* _TASK TO COMPLETE_: Every record below must be returned word for word, with the pictures left out.

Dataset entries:
※

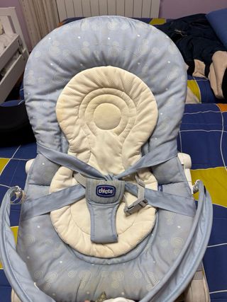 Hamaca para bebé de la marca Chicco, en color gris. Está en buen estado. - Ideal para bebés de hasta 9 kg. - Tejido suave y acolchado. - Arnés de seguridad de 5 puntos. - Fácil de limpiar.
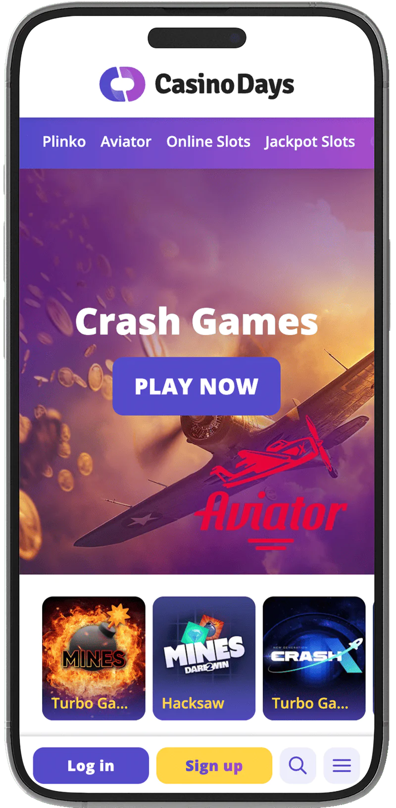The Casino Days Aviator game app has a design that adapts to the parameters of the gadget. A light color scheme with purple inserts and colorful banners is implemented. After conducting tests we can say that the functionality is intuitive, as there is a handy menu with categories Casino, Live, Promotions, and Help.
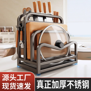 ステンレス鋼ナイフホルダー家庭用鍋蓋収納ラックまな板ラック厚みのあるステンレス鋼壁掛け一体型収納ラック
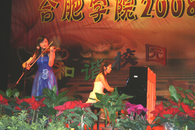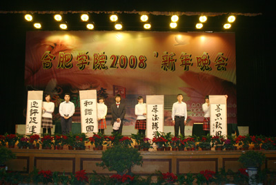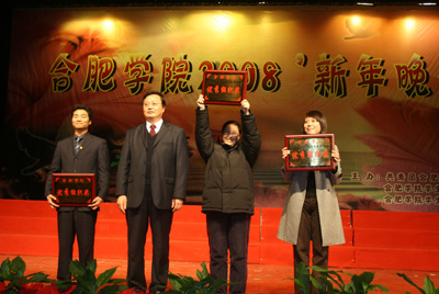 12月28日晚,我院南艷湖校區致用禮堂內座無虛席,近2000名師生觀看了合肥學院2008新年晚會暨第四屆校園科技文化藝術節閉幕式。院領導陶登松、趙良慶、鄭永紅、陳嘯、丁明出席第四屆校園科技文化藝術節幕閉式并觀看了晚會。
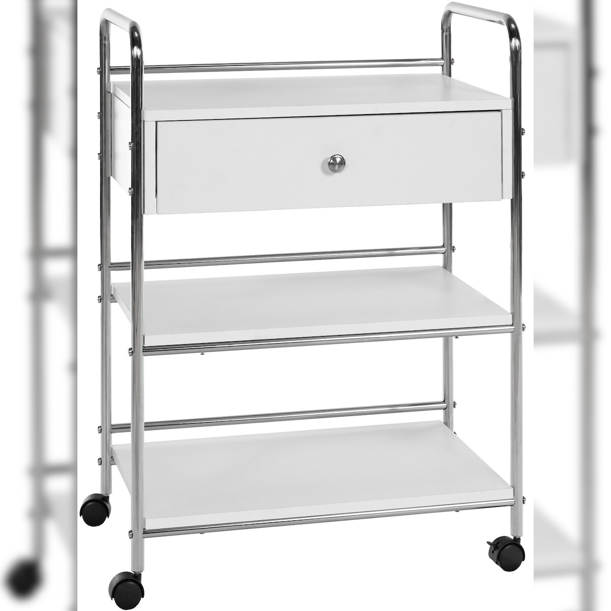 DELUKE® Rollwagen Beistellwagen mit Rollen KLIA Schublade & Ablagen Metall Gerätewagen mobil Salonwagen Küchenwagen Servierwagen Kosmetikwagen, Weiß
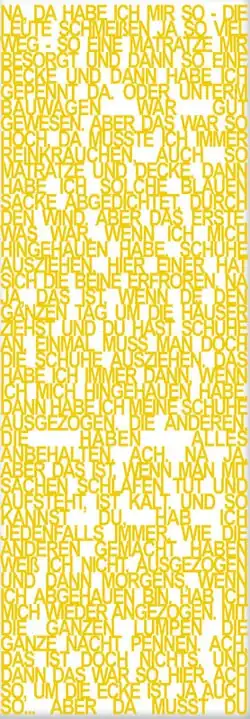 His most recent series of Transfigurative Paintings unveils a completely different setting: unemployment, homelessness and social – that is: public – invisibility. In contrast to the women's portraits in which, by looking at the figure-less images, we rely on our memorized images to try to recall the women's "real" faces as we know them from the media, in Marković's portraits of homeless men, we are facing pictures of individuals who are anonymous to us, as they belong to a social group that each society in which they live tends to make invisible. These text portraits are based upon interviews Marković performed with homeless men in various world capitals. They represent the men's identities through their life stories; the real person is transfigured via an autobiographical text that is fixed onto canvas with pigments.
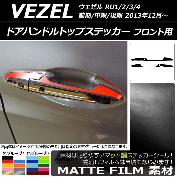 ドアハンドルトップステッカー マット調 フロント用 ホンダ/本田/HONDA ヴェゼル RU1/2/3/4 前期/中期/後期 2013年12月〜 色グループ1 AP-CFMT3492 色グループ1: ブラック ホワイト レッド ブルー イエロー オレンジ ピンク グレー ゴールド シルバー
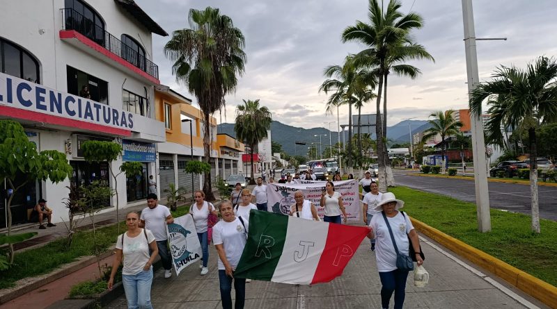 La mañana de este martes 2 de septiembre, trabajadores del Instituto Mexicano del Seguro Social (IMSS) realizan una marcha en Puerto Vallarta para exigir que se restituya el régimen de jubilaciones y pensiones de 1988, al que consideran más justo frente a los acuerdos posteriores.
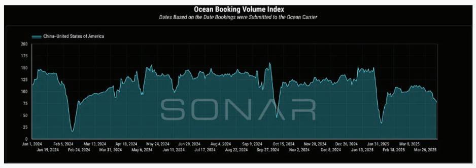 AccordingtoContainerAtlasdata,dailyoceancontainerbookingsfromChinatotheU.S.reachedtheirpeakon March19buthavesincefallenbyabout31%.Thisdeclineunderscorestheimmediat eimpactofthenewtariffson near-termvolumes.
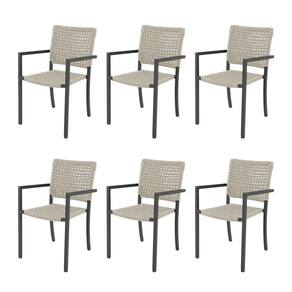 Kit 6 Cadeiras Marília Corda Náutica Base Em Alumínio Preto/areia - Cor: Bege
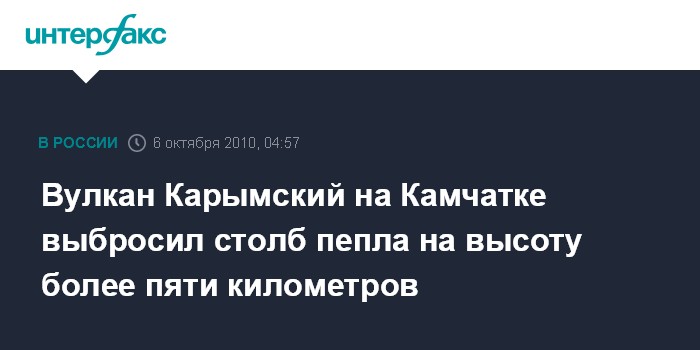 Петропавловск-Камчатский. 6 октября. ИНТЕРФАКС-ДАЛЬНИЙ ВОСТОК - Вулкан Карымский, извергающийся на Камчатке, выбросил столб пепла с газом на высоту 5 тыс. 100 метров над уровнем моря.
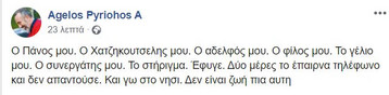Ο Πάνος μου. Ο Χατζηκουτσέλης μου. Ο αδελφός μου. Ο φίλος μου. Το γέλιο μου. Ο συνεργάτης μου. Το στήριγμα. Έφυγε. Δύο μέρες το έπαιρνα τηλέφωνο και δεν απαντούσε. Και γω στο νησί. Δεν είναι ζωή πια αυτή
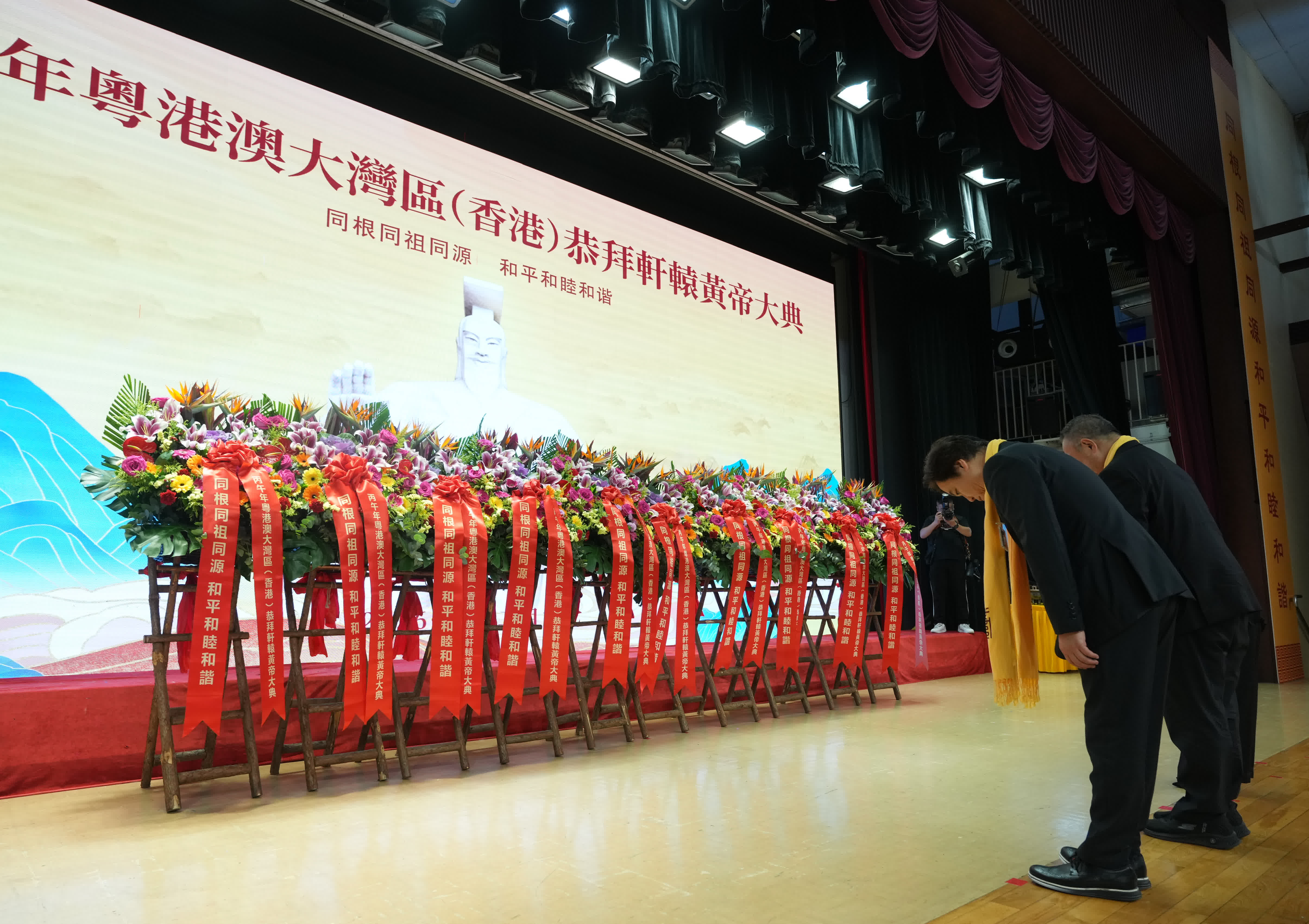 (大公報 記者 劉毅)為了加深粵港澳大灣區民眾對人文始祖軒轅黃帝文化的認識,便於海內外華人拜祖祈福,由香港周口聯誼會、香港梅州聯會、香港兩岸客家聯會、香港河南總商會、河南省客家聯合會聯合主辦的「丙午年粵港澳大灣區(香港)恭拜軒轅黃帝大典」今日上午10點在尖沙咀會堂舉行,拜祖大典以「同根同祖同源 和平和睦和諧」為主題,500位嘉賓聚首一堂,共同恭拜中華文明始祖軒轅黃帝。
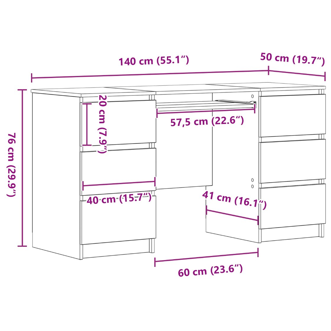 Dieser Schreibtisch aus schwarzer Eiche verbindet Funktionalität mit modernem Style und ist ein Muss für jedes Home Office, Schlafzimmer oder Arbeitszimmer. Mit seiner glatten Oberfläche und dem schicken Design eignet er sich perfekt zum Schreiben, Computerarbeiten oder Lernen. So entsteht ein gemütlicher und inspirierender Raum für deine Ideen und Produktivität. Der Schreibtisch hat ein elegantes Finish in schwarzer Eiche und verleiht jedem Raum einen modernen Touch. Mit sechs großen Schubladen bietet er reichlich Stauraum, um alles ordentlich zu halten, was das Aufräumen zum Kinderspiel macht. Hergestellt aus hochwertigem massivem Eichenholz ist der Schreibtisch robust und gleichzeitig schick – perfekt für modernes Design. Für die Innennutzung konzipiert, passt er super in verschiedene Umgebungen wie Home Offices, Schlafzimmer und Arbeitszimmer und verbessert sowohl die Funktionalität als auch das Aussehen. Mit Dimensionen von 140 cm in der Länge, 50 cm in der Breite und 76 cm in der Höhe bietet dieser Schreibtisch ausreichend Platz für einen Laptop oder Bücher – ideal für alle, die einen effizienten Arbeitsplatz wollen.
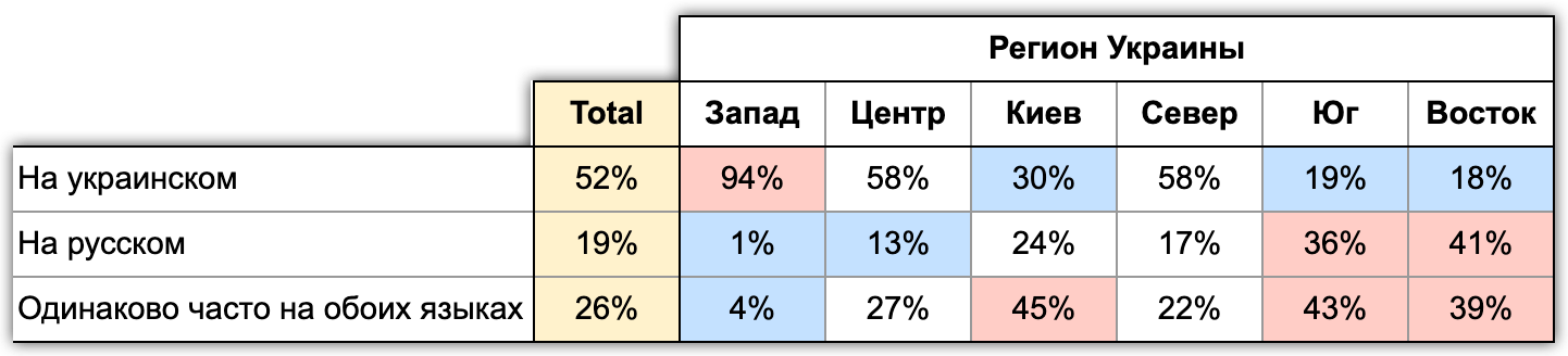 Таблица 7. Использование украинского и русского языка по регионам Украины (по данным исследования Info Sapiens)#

※

* _YOUR SOLUTION_:
 Hamaca para bebé de la marca Chicco, en color gris. Está en buen estado. - Ideal para bebés de hasta 9 kg. - Tejido suave y acolchado. - Arnés de seguridad de 5 puntos. - Fácil de limpiar.
The Casino Days Aviator game app has a design that adapts to the parameters of the gadget. A light color scheme with purple inserts and colorful banners is implemented. After conducting tests we can say that the functionality is intuitive, as there is a handy menu with categories Casino, Live, Promotions, and Help.
 ステンレス鋼ナイフホルダー家庭用鍋蓋収納ラックまな板ラック厚みのあるステンレス鋼壁掛け一体型収納ラック
 12月28日晚,我院南艷湖校區致用禮堂內座無虛席,近2000名師生觀看了合肥學院2008新年晚會暨第四屆校園科技文化藝術節閉幕式。院領導陶登松、趙良慶、鄭永紅、陳嘯、丁明出席第四屆校園科技文化藝術節幕閉式并觀看了晚會。
 DELUKE® Rollwagen Beistellwagen mit Rollen KLIA Schublade & Ablagen Metall Gerätewagen mobil Salonwagen Küchenwagen Servierwagen Kosmetikwagen, Weiß
 His most recent series of Transfigurative Paintings unveils a completely different setting: unemployment, homelessness and social – that is: public – invisibility. In contrast to the women's portraits in which, by looking at the figure-less images, we rely on our memorized images to try to recall the women's "real" faces as we know them from the media, in Marković's portraits of homeless men, we are facing pictures of individuals who are anonymous to us, as they belong to a social group that each society in which they live tends to make invisible. These text portraits are based upon interviews Marković performed with homeless men in various world capitals. They represent the men's identities through their life stories; the real person is transfigured via an autobiographical text that is fixed onto canvas with pigments.
 ドアハンドルトップステッカー マット調 フロント用 ホンダ/本田/HONDA ヴェゼル RU1/2/3/4 前期/中期/後期 2013年12月〜 色グループ1 AP-CFMT3492 色グループ1: ブラック ホワイト レッド ブルー イエロー オレンジ ピンク グレー ゴールド シルバー
 La mañana de este martes 2 de septiembre, trabajadores del Instituto Mexicano del Seguro Social (IMSS) realizan una marcha en Puerto Vallarta para exigir que se restituya el régimen de jubilaciones y pensiones de 1988, al que consideran más justo frente a los acuerdos posteriores.
 AccordingtoContainerAtlasdata,dailyoceancontainerbookingsfromChinatotheU.S.reachedtheirpeakon March19buthavesincefallenbyabout31%.Thisdeclineunderscorestheimmediat eimpactofthenewtariffson near-termvolumes.
 Kit 6 Cadeiras Marília Corda Náutica Base Em Alumínio Preto/areia - Cor: Bege
 Петропавловск-Камчатский. 6 октября. ИНТЕРФАКС-ДАЛЬНИЙ ВОСТОК - Вулкан Карымский, извергающийся на Камчатке, выбросил столб пепла с газом на высоту 5 тыс. 100 метров над уровнем моря.
Ο Πάνος μου. Ο Χατζηκουτσέλης μου. Ο αδελφός μου. Ο φίλος μου. Το γέλιο μου. Ο συνεργάτης μου. Το στήριγμα. Έφυγε. Δύο μέρες το έπαιρνα τηλέφωνο και δεν απαντούσε. Και γω στο νησί. Δεν είναι ζωή πια αυτή
 (大公報 記者 劉毅)為了加深粵港澳大灣區民眾對人文始祖軒轅黃帝文化的認識,便於海內外華人拜祖祈福,由香港周口聯誼會、香港梅州聯會、香港兩岸客家聯會、香港河南總商會、河南省客家聯合會聯合主辦的「丙午年粵港澳大灣區(香港)恭拜軒轅黃帝大典」今日上午10點在尖沙咀會堂舉行,拜祖大典以「同根同祖同源 和平和睦和諧」為主題,500位嘉賓聚首一堂,共同恭拜中華文明始祖軒轅黃帝。
 Dieser Schreibtisch aus schwarzer Eiche verbindet Funktionalität mit modernem Style und ist ein Muss für jedes Home Office, Schlafzimmer oder Arbeitszimmer. Mit seiner glatten Oberfläche und dem schicken Design eignet er sich perfekt zum Schreiben, Computerarbeiten oder Lernen. So entsteht ein gemütlicher und inspirierender Raum für deine Ideen und Produktivität. Der Schreibtisch hat ein elegantes Finish in schwarzer Eiche und verleiht jedem Raum einen modernen Touch. Mit sechs großen Schubladen bietet er reichlich Stauraum, um alles ordentlich zu halten, was das Aufräumen zum Kinderspiel macht. Hergestellt aus hochwertigem massivem Eichenholz ist der Schreibtisch robust und gleichzeitig schick – perfekt für modernes Design. Für die Innennutzung konzipiert, passt er super in verschiedene Umgebungen wie Home Offices, Schlafzimmer und Arbeitszimmer und verbessert sowohl die Funktionalität als auch das Aussehen. Mit Dimensionen von 140 cm in der Länge, 50 cm in der Breite und 76 cm in der Höhe bietet dieser Schreibtisch ausreichend Platz für einen Laptop oder Bücher – ideal für alle, die einen effizienten Arbeitsplatz wollen.
 Таблица 7. Использование украинского и русского языка по регионам Украины (по данным исследования Info Sapiens)#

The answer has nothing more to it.